Print the data exactly as written, but leave out each picture.

STORED DATA section start

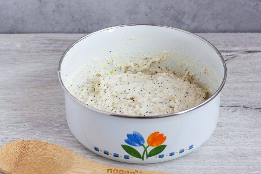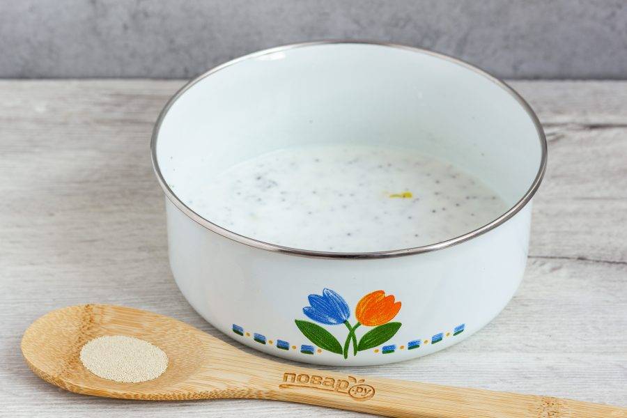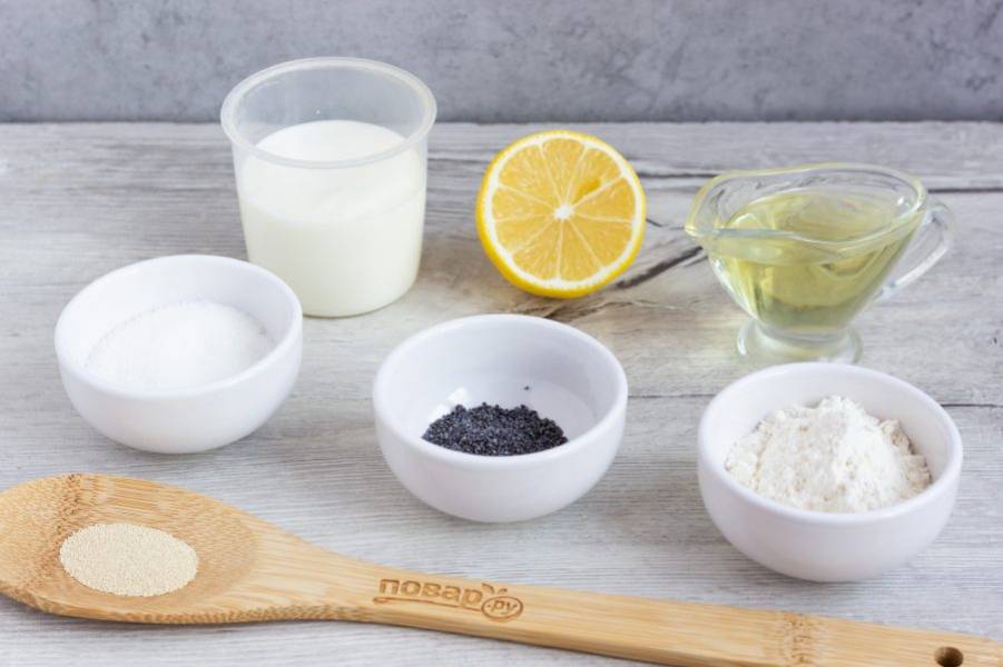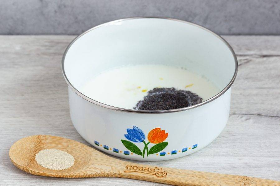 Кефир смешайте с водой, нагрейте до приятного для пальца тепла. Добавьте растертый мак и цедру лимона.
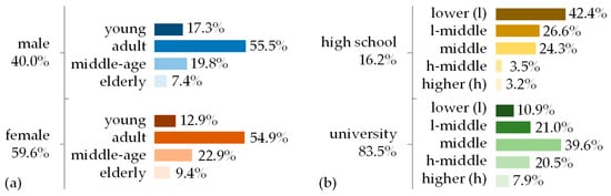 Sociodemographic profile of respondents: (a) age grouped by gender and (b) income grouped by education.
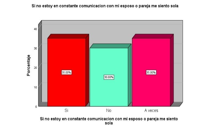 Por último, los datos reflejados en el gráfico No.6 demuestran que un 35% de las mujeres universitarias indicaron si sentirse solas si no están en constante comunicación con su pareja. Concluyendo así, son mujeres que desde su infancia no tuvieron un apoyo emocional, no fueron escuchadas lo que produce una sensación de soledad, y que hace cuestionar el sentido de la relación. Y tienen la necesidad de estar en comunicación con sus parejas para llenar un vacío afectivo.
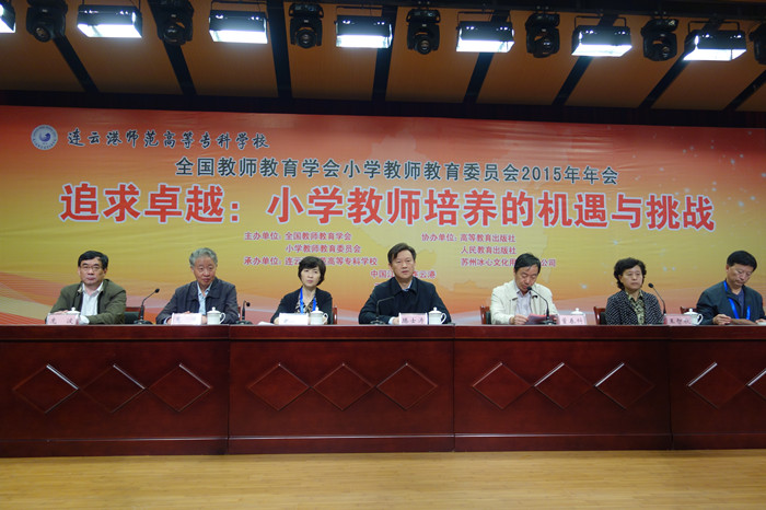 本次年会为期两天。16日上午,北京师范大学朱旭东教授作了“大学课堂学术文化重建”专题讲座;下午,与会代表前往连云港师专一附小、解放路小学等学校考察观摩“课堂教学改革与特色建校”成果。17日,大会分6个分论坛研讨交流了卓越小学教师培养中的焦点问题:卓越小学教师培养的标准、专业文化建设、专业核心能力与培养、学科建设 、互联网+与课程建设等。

STORED DATA section end

*RESPONSE TO THE TASK*.
 Кефир смешайте с водой, нагрейте до приятного для пальца тепла. Добавьте растертый мак и цедру лимона.
 Sociodemographic profile of respondents: (a) age grouped by gender and (b) income grouped by education.
 Por último, los datos reflejados en el gráfico No.6 demuestran que un 35% de las mujeres universitarias indicaron si sentirse solas si no están en constante comunicación con su pareja. Concluyendo así, son mujeres que desde su infancia no tuvieron un apoyo emocional, no fueron escuchadas lo que produce una sensación de soledad, y que hace cuestionar el sentido de la relación. Y tienen la necesidad de estar en comunicación con sus parejas para llenar un vacío afectivo.
 本次年会为期两天。16日上午,北京师范大学朱旭东教授作了“大学课堂学术文化重建”专题讲座;下午,与会代表前往连云港师专一附小、解放路小学等学校考察观摩“课堂教学改革与特色建校”成果。17日,大会分6个分论坛研讨交流了卓越小学教师培养中的焦点问题:卓越小学教师培养的标准、专业文化建设、专业核心能力与培养、学科建设 、互联网+与课程建设等。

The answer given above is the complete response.